Me llamo Yuka y soy una Planificadora de Riqueza en Salud dedicada a apoyar a personas de entre 40 y 50 años.

Actualmente, vivo en Sunshine Coast, Queensland, Australia, con mi esposo neozelandés y nuestros dos hijos de 11 y 9 años. Después de dar a luz, trabajé a tiempo completo durante muchos años en Tokio y Nueva Zelanda como madre trabajadora. En aquel entonces, siempre me sentía abrumada por la falta de tiempo desde la mañana hasta la noche y vivía bajo un estrés constante. Los fines de semana los dedicaba a las tareas del hogar o a pasar tiempo con mi familia, dejando casi sin espacio para mí misma. Dada mi agitada rutina, mi único momento de felicidad era disfrutar de una taza de café tranquila en la oficina, sin que nadie me interrumpiera.

Pero, en realidad, solo estaba fingiendo estar satisfecha con ese estilo de vida. En el fondo, tanto mi mente como mi cuerpo habían llegado a su límite.

Ahora, quizá te preguntes cómo, a pesar de acercarme a los 50 en un par de años, logro vivir con tanta energía. Permíteme compartirte un poco de mi historia.

Hace más de dos décadas, me sentí atrapada en un túnel que parecía no tener fin durante ocho años, desde los 24 hasta los 32. Mirando atrás, no puedo evitar pensar en lo tonta que fui por desperdiciar tanto tiempo. ¡(Jaja!) Estaba atrapada en un ciclo doloroso de rupturas y reconciliaciones con un hombre al que amaba. Finalmente, él me propuso matrimonio, solo para romper nuestro compromiso poco después, dejándome completamente destrozada.

Caí en una profunda depresión y, una mañana, me di cuenta de que no podía levantarme de la cama. No tuve más opción que tomarme un tiempo fuera del trabajo. Mi mente estaba completamente consumida por pensamientos sobre él, perdí el apetito y, cuando me miraba al espejo, veía el reflejo de un zombi sin vida. Estaba tan delgada que mis clavículas sobresalían de manera alarmante.

Desesperada por escapar de esa oscuridad, recurrí a la adivinación, la ley de la atracción, la espiritualidad y libros de desarrollo personal. Probé varios métodos, pero ninguno logró realmente llenar el vacío que sentía dentro de mí.
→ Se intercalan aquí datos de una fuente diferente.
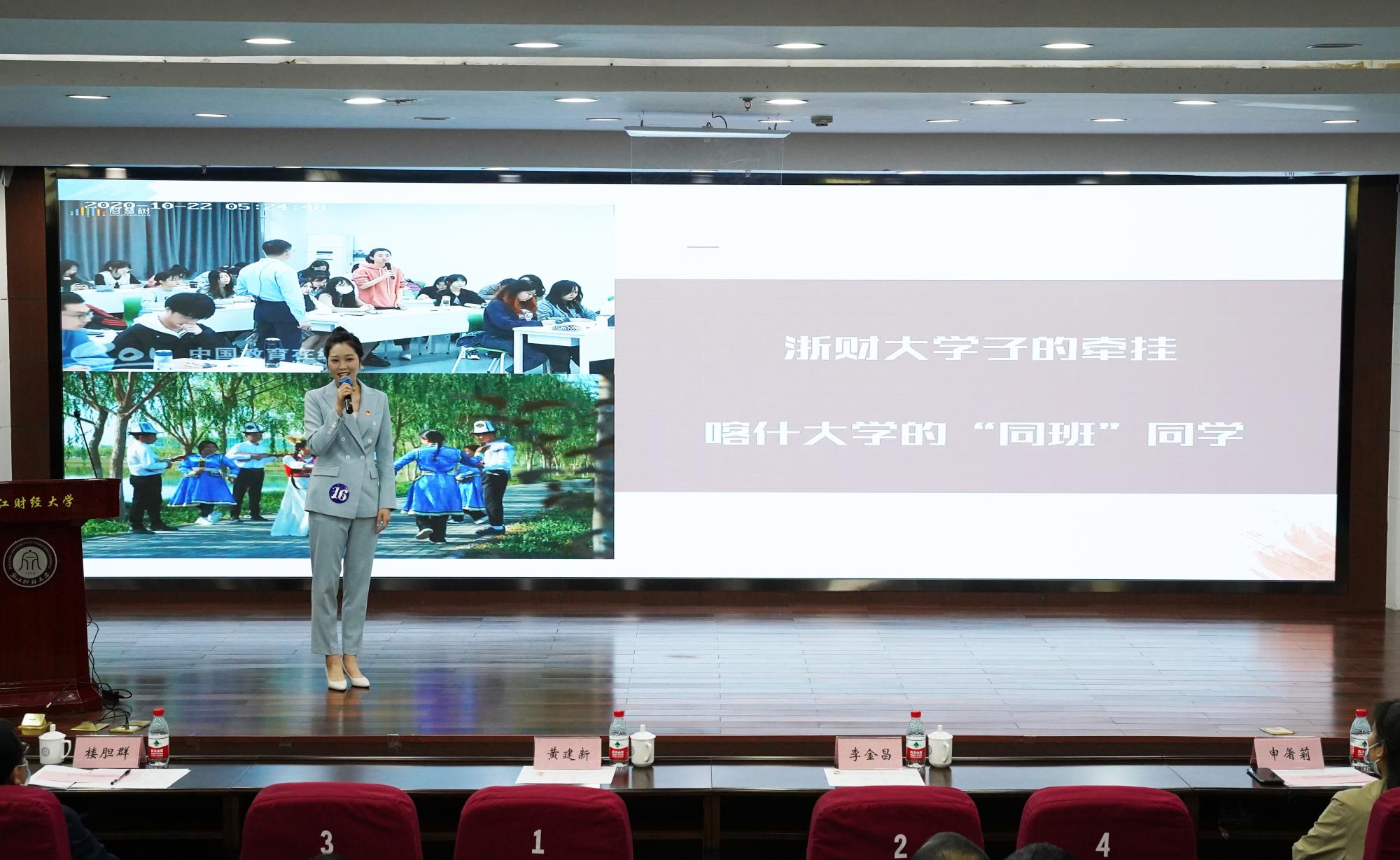 据悉,本次大赛共有21名选手参加,他们围绕“喜迎二十大 奋进新时代”主题,紧扣“幸福”“创新”“奋进”等关键词,结合浙江发展实际和自身经历,用6分钟讲述了一个个新时代的奋进故事。廖丁瑶老师的微党课以《牵手“远方”奋进,这才幸福》为题,从“慕课西部行计划”引入,描绘了浙财大牵手“远方”奋进的姿态,深情讲述了刘剑锋等老师舍家报国、献身大漠、支援新疆的感人故事,生动诠释了用浙江精神凝聚奋进新时代的强大力量!

Hasta que un día, impulsada por un fuerte deseo de cambiar mi vida, yo, que nunca había sido aficionada al ejercicio, puse un pie en un gimnasio local por primera vez.

Ese fue el comienzo de mi nueva vida. Al principio, hacer ejercicio era solo una distracción, pero con el tiempo se convirtió en una parte esencial de mi rutina diaria. Mi cuerpo comenzó a tonificarse y la versión de mí misma que parecía un zombi desapareció.

Mi tez mejoró, mi piel comenzó a brillar y mis amigos y compañeros de trabajo empezaron a decirme: "¡Te ves más joven!" Pero más allá de la transformación física, me volví más optimista y mi salud mejoró de manera sorprendente.

Por primera vez, me di cuenta del increíble impacto que el ejercicio tiene tanto en la mente como en el cuerpo.

Durante mis años escolares, nunca me gustaron los deportes y siempre fui parte de clubes culturales. Incluso durante la universidad, nunca hice ejercicio. Pero una vez que comencé, mi cuerpo y mi mente cambiaron de manera significativa. A medida que mi físico se transformaba, también lo hacía la edad que percibía de mí misma, lo que aumentó mi confianza. Sentirme bien conmigo misma mejoró mi bienestar general y, en última instancia, mi vida entera. De repente, mis días se llenaron de momentos alegres y emocionantes. La chica que alguna vez lloró sin cesar y luchó contra el desamor, lentamente recuperó su autoestima y salió de la desesperación, todo gracias al ejercicio.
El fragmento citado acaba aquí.